Collected data entries:

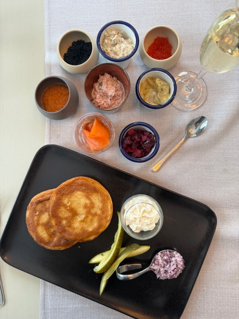 Tattarijauhoista valmistettujen blinien kaveriksi on mahdollista valita kaksi kahdeksasta erilaisesta täytteestä. Lisätäyte maksaa viisi euroa. Isommalla porukalla kannattaa ottaa jaettavaksi erilaisia täytteitä. Niistä kun riittää maisteltavaksi useammallekin. Oma suosikkini oli savuporotäyte ja punajuuri-tattitartar. Klassikothan toimivat sina, mutta tämä makupari hurmasi minut täysin.
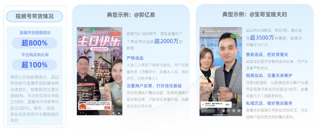 腾讯对外给出的成功案例皆是生活赛道出来的,例如郭亿易、宝哥宝嫂夫妇账号,走的都是夫妻档路线,平时所更新的内容都是生活中与家庭相处的小故事。二者都是在真诚、信任的基础上,加以严格的品控、全套的售后服务,成为视频号带货的头号人物。
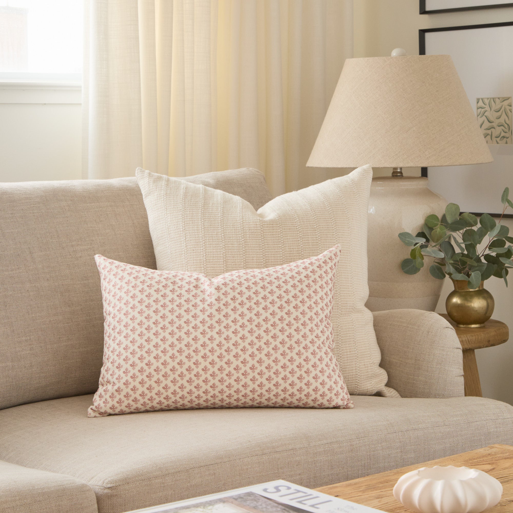 Lumbar pillows & drapery fabrics that showcase a delicate petal block print in four beautiful colours.
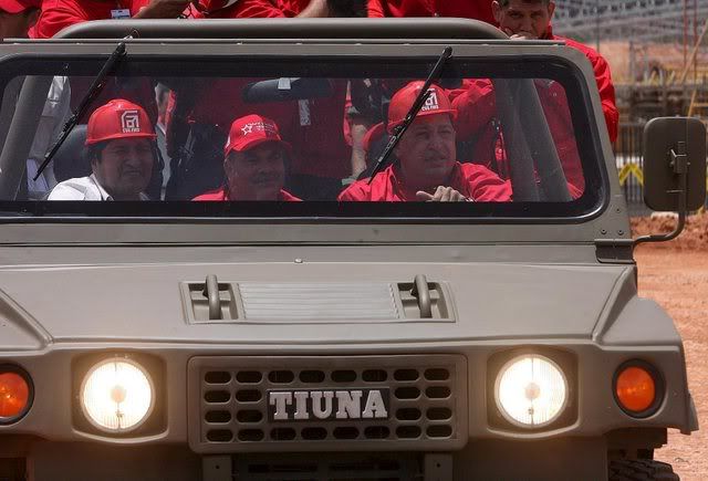 Picture realesed by Miraflores Press Office which shows Venezuelan President Hugo Chavez (R) drives a Tiuna, military vehicle fabricated in Venezuela, and his Bolivian counterpart Evo Morales (L) and an unidentified man (C), at the siderurgical industrial complex in Puerto Ordaz, Venezuela. Both Presidents signed an agreement to create a mixed company which exploits the Bolivian iron locations in Mutun, one of the biggest in the world
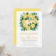 Esta invitación floral para la primera comunión de una niña tiene una cruz de falso foil dorado en una corona de rosas amarillas de acuarela. La ocasión y el nombre están en rosa, el resto del texto está en mayúsculas verde oscuro. El nombre está escrito en una elegante letra caligráfica. La parte posterior es rosa.

- Your objective: A word-for-word copy of every entry, with the pictures left out, is the required answer.

- Solution to the problem:
 Tattarijauhoista valmistettujen blinien kaveriksi on mahdollista valita kaksi kahdeksasta erilaisesta täytteestä. Lisätäyte maksaa viisi euroa. Isommalla porukalla kannattaa ottaa jaettavaksi erilaisia täytteitä. Niistä kun riittää maisteltavaksi useammallekin. Oma suosikkini oli savuporotäyte ja punajuuri-tattitartar. Klassikothan toimivat sina, mutta tämä makupari hurmasi minut täysin.
 腾讯对外给出的成功案例皆是生活赛道出来的,例如郭亿易、宝哥宝嫂夫妇账号,走的都是夫妻档路线,平时所更新的内容都是生活中与家庭相处的小故事。二者都是在真诚、信任的基础上,加以严格的品控、全套的售后服务,成为视频号带货的头号人物。
 Lumbar pillows & drapery fabrics that showcase a delicate petal block print in four beautiful colours.
 Picture realesed by Miraflores Press Office which shows Venezuelan President Hugo Chavez (R) drives a Tiuna, military vehicle fabricated in Venezuela, and his Bolivian counterpart Evo Morales (L) and an unidentified man (C), at the siderurgical industrial complex in Puerto Ordaz, Venezuela. Both Presidents signed an agreement to create a mixed company which exploits the Bolivian iron locations in Mutun, one of the biggest in the world
 Esta invitación floral para la primera comunión de una niña tiene una cruz de falso foil dorado en una corona de rosas amarillas de acuarela. La ocasión y el nombre están en rosa, el resto del texto está en mayúsculas verde oscuro. El nombre está escrito en una elegante letra caligráfica. La parte posterior es rosa.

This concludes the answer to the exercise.